Sunday, February 24, 2008

Financial Price Change Distributions 2

One index I never trade in is probably the most widely known index, the Dow Jones Industrial Average (^DJI) AKA the Dow 30 or just 'Wall Street'.

The reason I avoid it is because it is an average over the share price of each composite company. Each company's share of the index is not weighted by market capitalisation as is the norm for most other indexes. This means that a relatively small company's price can go up say 10% but cause the index to go up by a disproportionate amount. E.g. say it causes the index to rise by 2% but that the company is miniscule compared to the other 29 in the index. The overall market cap of those 30 companies has not risen by anything like 2%.

This oddity has always led me to believe there will always be a greater degree of randomness in the Dow than most other indices, and possibly some weird dynamics unique to the Dow (hmm, maybe there could be something to profit from there?) and thus to just avoid it in favour of some other large cap index such as the S&P 500. If the PE is high in the S&P 500 I feel a lot safer shorting it than I would the Dow, which I feel is more likely to spring a surprise on me, e.g. a small company (with a larger share than it's market cap warrants) posting strong results.

Following on from yeserday's post then, I was wondering if this oddball index exhibits a distribution curve significantly different to market cap weighted indices. Here is a graph comparing the daily percentage price change distributions for the Russell 2000, The Dow and the S&P500. For comparison the frequencies for the Russell 2k and the S&P are scaled up to match the DOW at its peak.

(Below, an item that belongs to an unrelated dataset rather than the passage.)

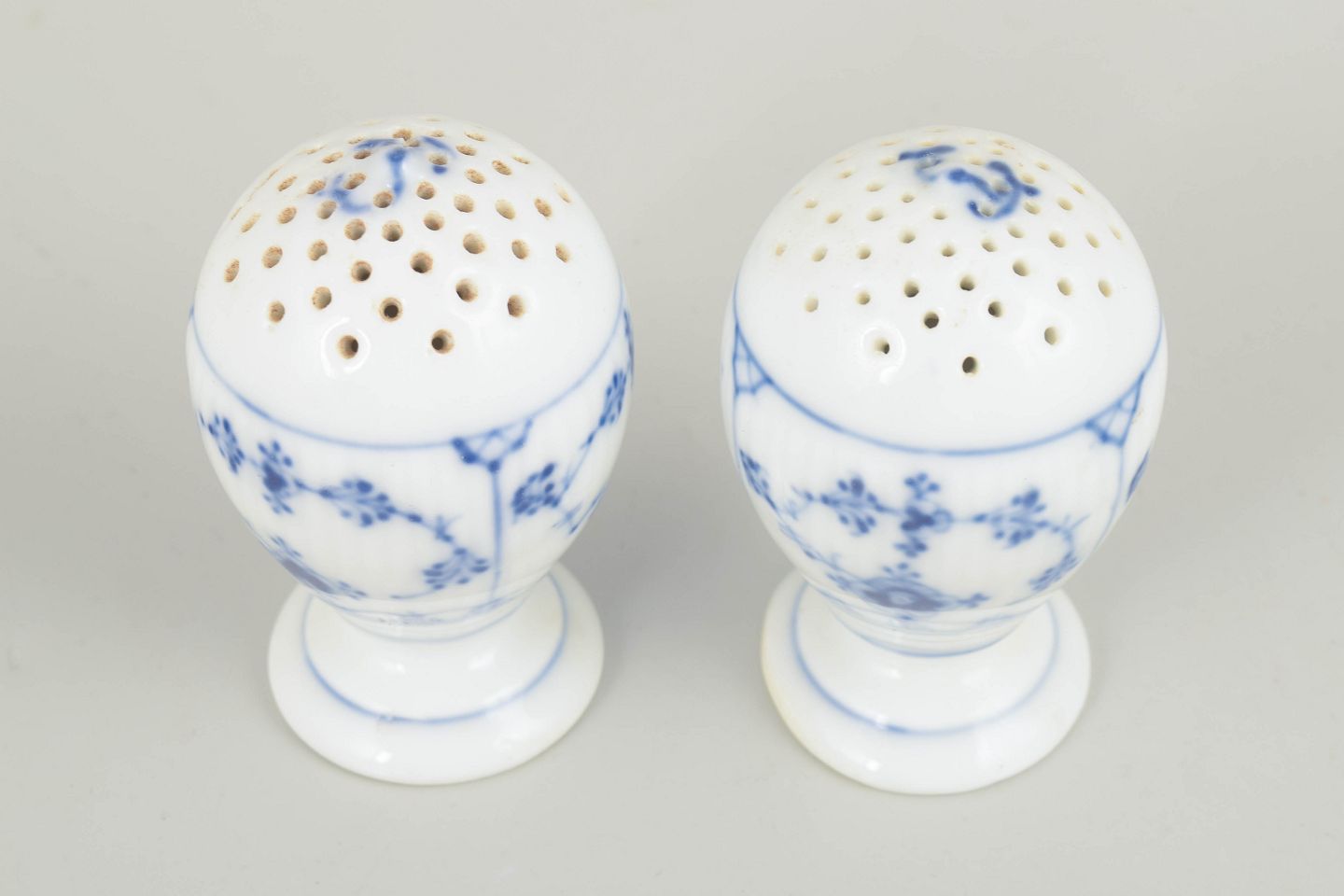 Musselmalet riflet salt- og pebersæt, ca. 1900.
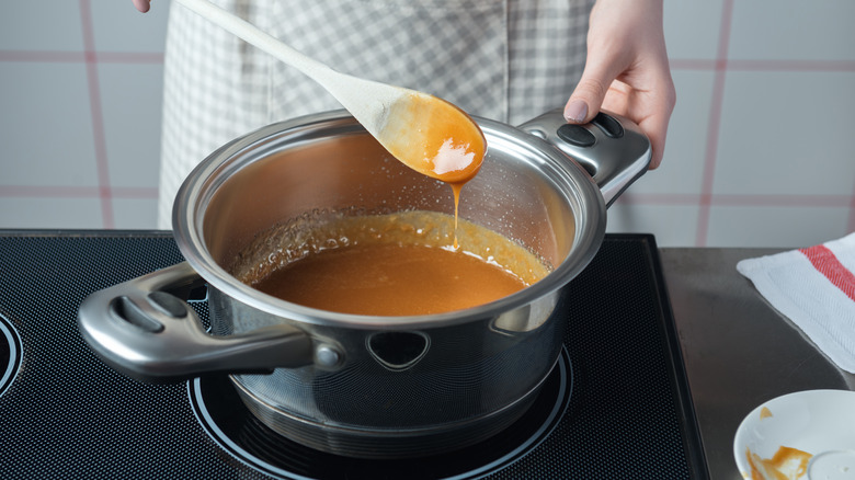 No matter what you're making, having the right tools is always critical for a smooth process. One of the most crucial tips out there for making a successful caramel sauce is to use the right pan. Choosing any old pan from your kitchen is the first way you can go wrong with this delicate sauce. First and foremost, choose a pan that's as heavy-bottomed as possible. A thin pan will cause a loss of control over how quickly the sugar heats, oftentimes resulting in a burned caramel. Meanwhile, a thick bottom holds steady and guarantees that heat is distributed evenly throughout the sugar mixture.

And let's have a peek at one of the tails.

Note that the blip in the Dow at about -22% is from the crash of 1929.

I did wonder if the extra random element (the arbitrary weighting) in the Dow would make it's curve a bit more gaussian, apparently not. Of course there is potentially a significant effect from the buying and selling of the Dow directly, through various derivatives. If we were to take 30 random companies from the S&P 500 and construct our own unweighted index using historic data would that index still have a Levy Skew alpha-stable distribution?